*What you have to do*. Beginning with the first line below, retype exactly each line through the one containing "秋田犬 代表の3色(赤・虎・". Leave out all pictures.

*Data shown*.
· · · · · · ·

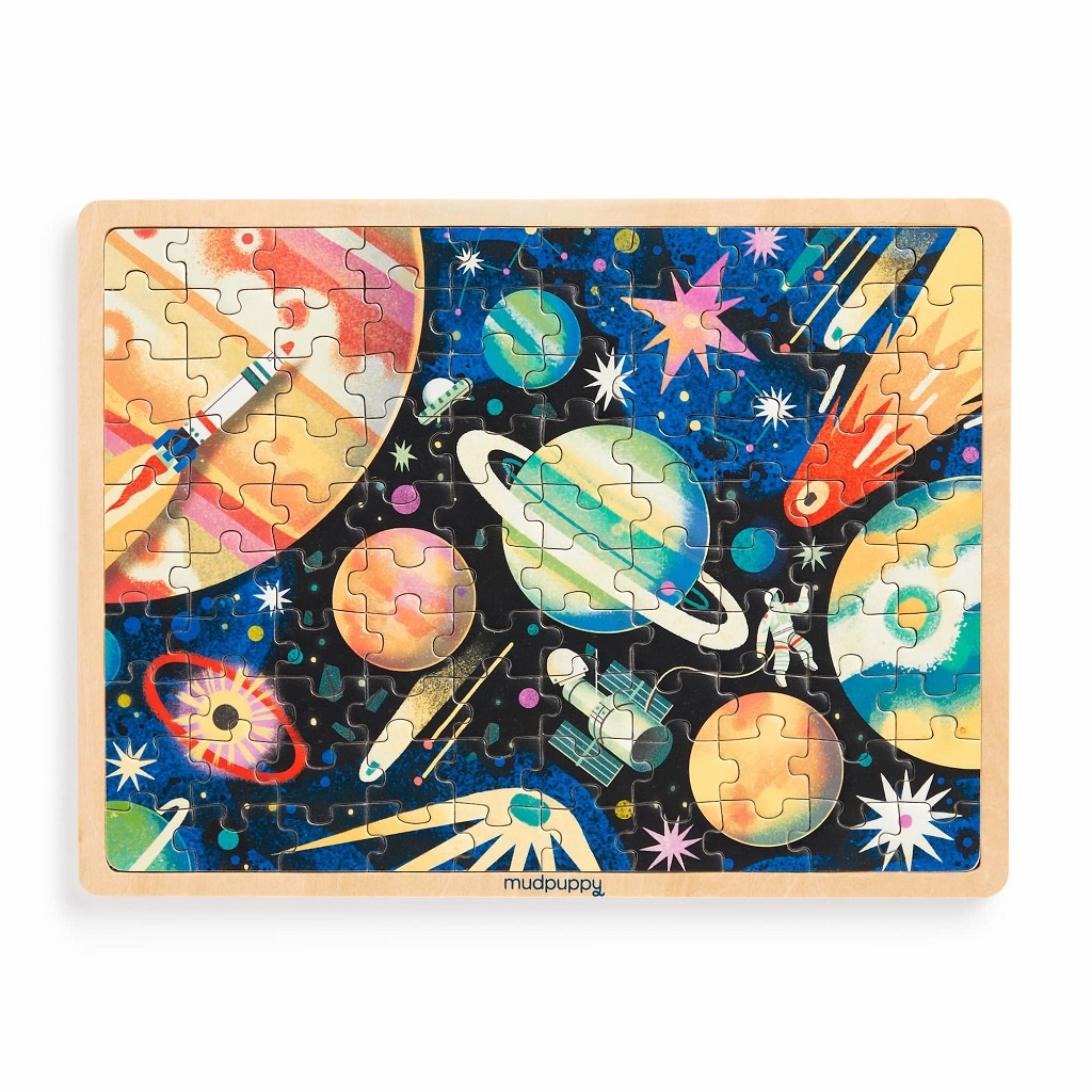 Puzzle zavede děti do vesmíru, zobrazuje krásné a odvážně ilustrované planety, asteroidy a komety. Obsahuje stojan, který promění vaše hotové puzzle v jedinečnou domácí dekoraci.
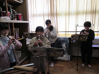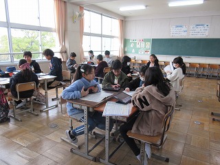 5年2組では、音楽の時間、グループに分かれ、合奏の練習やタブレット端末を使った学習をしていました。
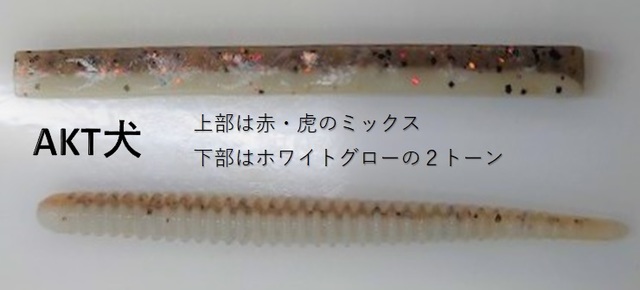 秋田犬 代表の3色(赤・虎・白)を1本のワームで演出し奇跡のカラーが誕生しました。
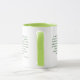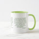 This mug features the Luke 6:45 KJV bible scripture in a unique print with light green letters black outline and bible citation from the King James version. The rim & handle are glazed in matching colours available in 11-ounce or 15-ounce sizes microwave and dishwasher safe ceramic construction.

· · · · · · ·

*Result of this exercise*.
 Puzzle zavede děti do vesmíru, zobrazuje krásné a odvážně ilustrované planety, asteroidy a komety. Obsahuje stojan, který promění vaše hotové puzzle v jedinečnou domácí dekoraci.
 5年2組では、音楽の時間、グループに分かれ、合奏の練習やタブレット端末を使った学習をしていました。
 秋田犬 代表の3色(赤・虎・白)を1本のワームで演出し奇跡のカラーが誕生しました。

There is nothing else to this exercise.